【時視各角】「ピーク・コリア」危機
6/15(木) 9:39配信中央日報日本語版

「ピーク・ジャパン」。日本がピークを迎えたという意味だ。金鍾仁(キム・ジョンイン)未来統合党(「国民の力」の前身)非常対策委員長が2020年夏に日本を反面教師にしようと呼び掛けながらこの題名の本を党議員に配って話題になったことがある。

しかし最近の日本は「ピーク・ジャパン」とは距離が遠い。日本経済は1-3月期に0.7%成長した。この成長が続くと仮定した年間成長率は2.7%だ。これに対し韓国は1-3月期に0.3%成長した。韓国銀行の今年の成長見通しは1.4%。韓国は亀の歩みなのに日本は走っている様相だ。

株価は連日30年ぶりの最高額記録を塗り替えている。代表指数である日経平均は今年に入り約30%上がった。あふれる外国人観光客は経済に活気を吹き込んでいる。4月だけで約200万人の外国人が日本を訪れ、月間旅行収支黒字が2941億円に達した。同じ月に韓国の旅行収支は5億ドルの赤字を出した。

日本経済の足を引っ張っていた物価も上昇している。消費者物価指数は20カ月連続上昇中だが、4月には3.4%上がった。無制限通貨発行のアベノミクスを繰り広げた安倍元首相(2022年7月死去)もできなかったデフレ脱出を岸田首相が可視化している局面だ。

ハイライトは日米経済協力の画期的強化だ。先月末に米商務長官と日本の経済産業相が会談後に出した「日米商務・産業パートナーシップ(JUCIP)」共同声明が端的な例だ。声明には「半導体供給網の回復弾力性を害する生産の地理的集中を解決するために協力する」という内容が盛り込まれた。韓国(メモリー)と台湾(ファウンドリー)が受け持ってきた半導体生産を米国と日本も直接することで両国が意気投合したというのが専門家らの分析だ。韓国には悪材料で、日本には好材料だ。実際に米国の半導体企業マイクロンが日本への投資を大幅増やしており、IBMは日本企業と先端半導体を共同開発中だ。1980年代後半の日米半導体協定とプラザ合意で日本の半導体産業を狙った米国がいまは先端技術まで支援しながら日本の半導体を立て直している。

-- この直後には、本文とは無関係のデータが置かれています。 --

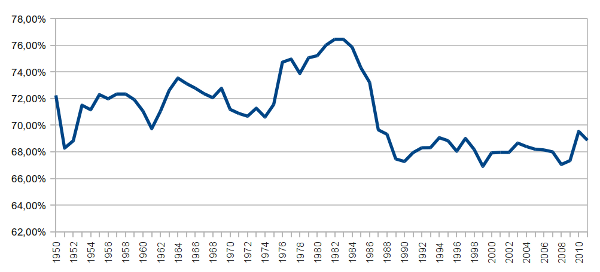 Un des thèmes récurrents du débat politique est celui de la part des salaires dans la valeur ajoutée qui a baissé entre 1982 et maintenant. En se référant aux statistiques de l’INSEE relatives aux sociétés non financières, on s’aperçoit que cette part se situait durant les trente glorieuses aux alentours de 72% pour connaître une hausse à partir de 1974 qui culminera en 1981-1982 pour chuter brutalement et évoluer à partir de 1989 aux alentours de 68%, c’est-à-dire à des niveaux inférieurs à ceux des années 1949-1972.

しかし人口問題は依然として深刻だ。昨年日本の合計特殊出生率は1.26人。過去最低だ。こうした日本をめぐりテスラのイーロン・マスク最高経営責任者(CEO)は昨年、「出生率が死亡率を超える変化がないならば日本は結局存在できないだろう」と評すこともした。しかし少子高齢化ならば日本は韓国より事情がはるかに良い。韓国の昨年の合計特殊出生率は0.78人、世界最下位だ。

『ピーク・ジャパン』(ブラッド・グロッサーマン)は、危機を迎えても問題を改善しない「変化の遅滞」と「改革の不在」が日本の衰退を呼ぶと分析した。しかし変わらずに改革を拒否することでは韓国が日本よりずっと上ではないか。韓国には1990年代後半の国際通貨基金(IMF)による管理体制後は国レベルの改革がなかった。労働改革も、年金改革も、公共部門改革もやり遂げることができなかった。規制・差別・既得権の障壁が随所にある。良質の働き口は限定されており、不動産や教育費などの高コスト構造は堅固だ。そのため青年層は最初から結婚を敬遠し、出産を忌避する。政界の対立解決能力は低い。今度は日本の福島汚染水放流問題をめぐり2008年の狂牛病問題の時のように見苦しく対立している。

日本が過去最低の出生率を記録したという中央日報の記事にはこうしたコメントがつけられた。

「それでも韓国よりは良いです。私も結婚する考えはないです。まわりの子たちもほとんど非婚主義で。社会がこうなのに産みたいでしょうか。何をしてもどうせ学歴や財力で決まるのに私1人生きるだけで忙しい…(後略)」。

反論しにくい話だ。青年が挫折すれば社会は低活力・低成長の泥沼に陥ることになる。日本はピークを突き抜けて進むが、韓国は「ピーク・コリア」が大股で近寄ってくるようだ。これが危機だ。